- Occupations: Screenwriter, director, producer
- Years active: 2008–present
- Notable work: Teen Titans Go!

= Morgan Evans (screenwriter) =

American screenwriter, director and producer

Morgan Evans is an American screenwriter, television writer, director, and producer, known for writing the Warner Bros. Animation film Merry Little Batman and the Cartoon Network series Teen Titans Go!.

==Career==
Evans began his career directing videos at the Upright Citizens Brigade Theatre, including early web episodes of Broad City and It Gets Betterish. In 2012, while working at The Onion, he created The Untitled Web Series That Morgan Evans Is Doing, which was critically acclaimed and named one of the best web series of 2012 by IndieWire. The series was later nominated for a Writers Guild Award.

In 2013, Evans worked as a staff writer for the reboot of Best Week Ever and later that year, he joined MTV to write, host, and produce the Teen Wolf After After Show. In July 2014, MTV announced they had picked up a second, eight-episode, season of The Untitled Web Series That Morgan Evans Is Doing. For his performance, Evans received a Cynopsis Digital Media award.

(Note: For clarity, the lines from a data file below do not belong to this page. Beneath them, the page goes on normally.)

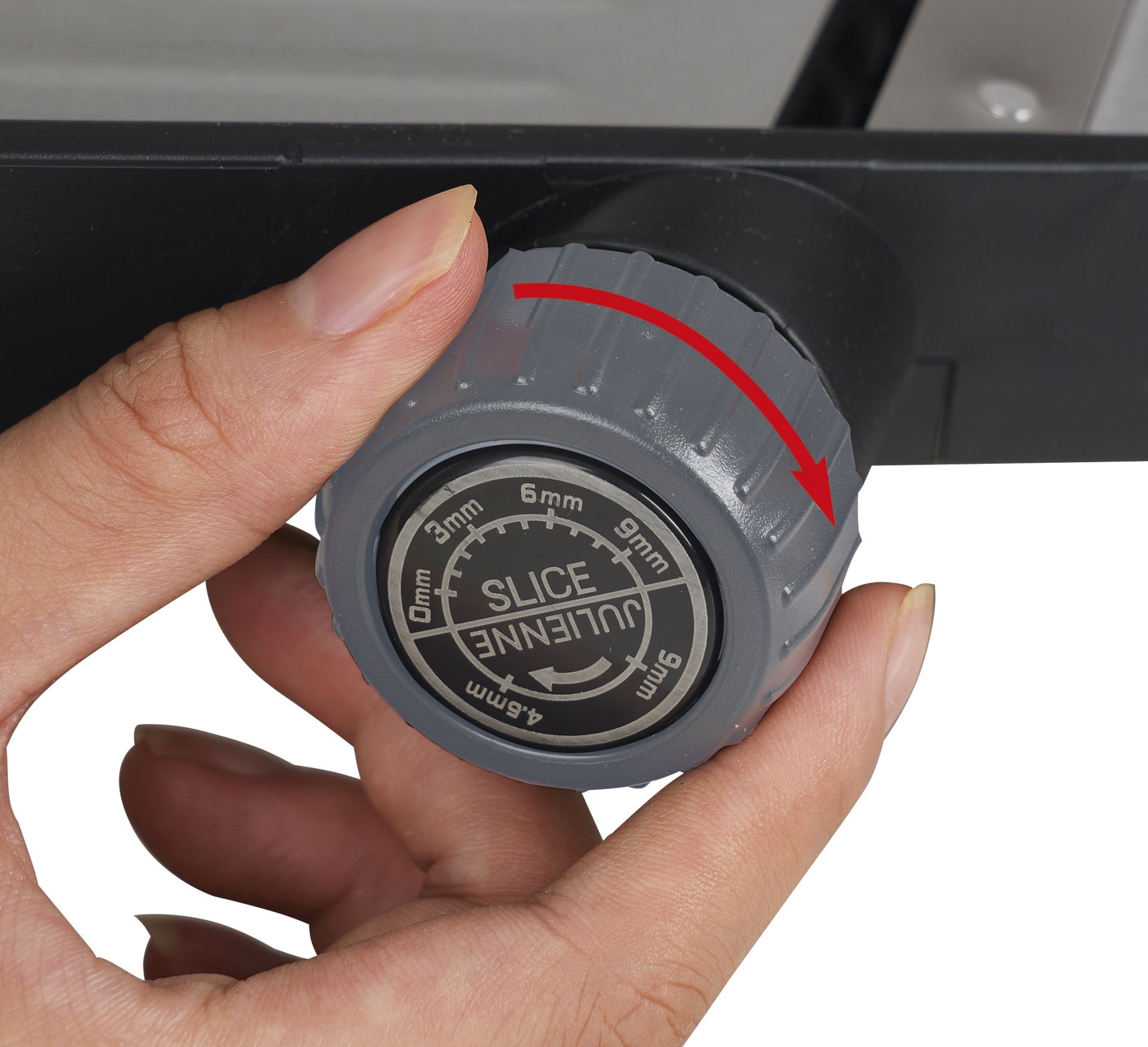 Dankzij de verstelbare snijdikte (van 1 tot 9 mm) en de keuze uit twee snijbreedtes (4,5 mm en 9 mm), past u de snijvorm volledig aan uw wensen aan. Of u nu courgette, wortel, paprika of koolrabi snijdt, het resultaat is telkens strak en gelijkmatig.
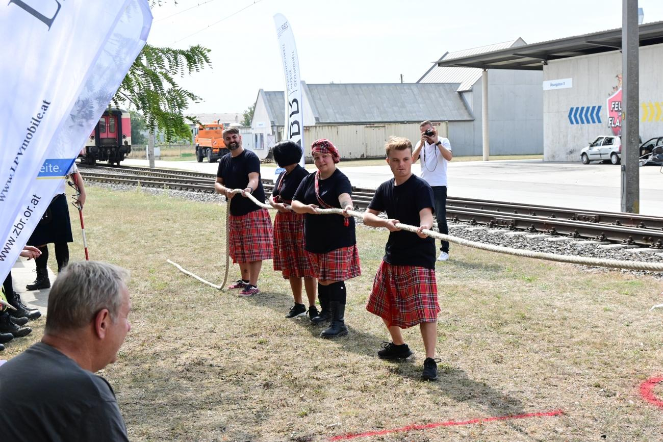 Der ZBR und die LPV veranstalteten am 6. September 2024 die 8. Lowland Games im NÖ Feuerwehr- und Sicherheitszentrum Tulln. 14 Clans aus den unterschiedlichsten Bereichen des NÖ Landesdienst gingen in traditioneller Kleidung und mit selbstgebastelten Standarten (Zugehörigkeitszeichen) an den Start. Darunter auch drei Teams aus den Pflege- und Betreuungszentren Mödling, St. Peter in der Au und Raabs an der Thaya. Die Clans haben sich in den verschiedenen Disziplinen wie Eisenbahnwaggon-Schieben, Steinwerfen und Zillenfahren gemessen.
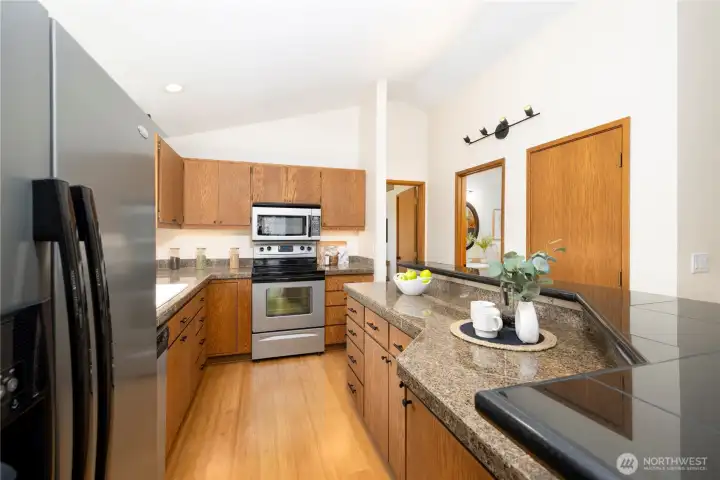 Welcome to Ballard living at its finest! A light-filled home on a quiet street with the neighborhood's best at your doorstep. Natural light pours in from windows on all sides, illuminating vaulted ceilings and a layout designed for both daily living and easy entertaining. The flow from room to room feels intentional, spacious without wasted square footage, and includes things like a large pantry and a dedicated laundry room which add the kind of everyday function that makes a home work. The primary suite has its own private deck, full bath, and a large walk-in closet. Three decks in total offer flexible outdoor space for morning coffee, entertaining, or simply enjoying the trees. Recent updates include a new roof, new hot water heater, fresh exterior paint, most of the interior freshly painted, newer windows and doors, and thoughtful new lighting fixtures and hardware throughout. Radiant heat provides quiet, even warmth throughout the upper level. The back decks are finished in Ipe, built to last and ready for years of use. Outside, mature trees and beautiful established landscaping create a sense of privacy and calm. A rare two-car garage rounds out the package - a genuine find in Ballard. Just minutes from Sunset Hill Park, Golden Gardens, and all that the Ballard neighborhood core has to offer - coffee shops, nightlife, restaurants, boutique shops, farmer's market, easy transit options, and more. Close to everything in your own peaceful spot.

In 2022, Evans began writing for the Cartoon Network series Teen Titans Go! and wrote Merry Little Batman for Warner Bros. Animation. The film premiered on December 8, 2023 on Amazon Prime Video. Evans focused on exploring the relationship between Bruce Wayne and his son, Damian, in the film. It received a 95% approval rating on Rotten Tomatoes ahead of its release.

In August 2023, Evans' feature film Driftwood was canceled following the Warner Brothers Discovery merger, three months after being greenlit.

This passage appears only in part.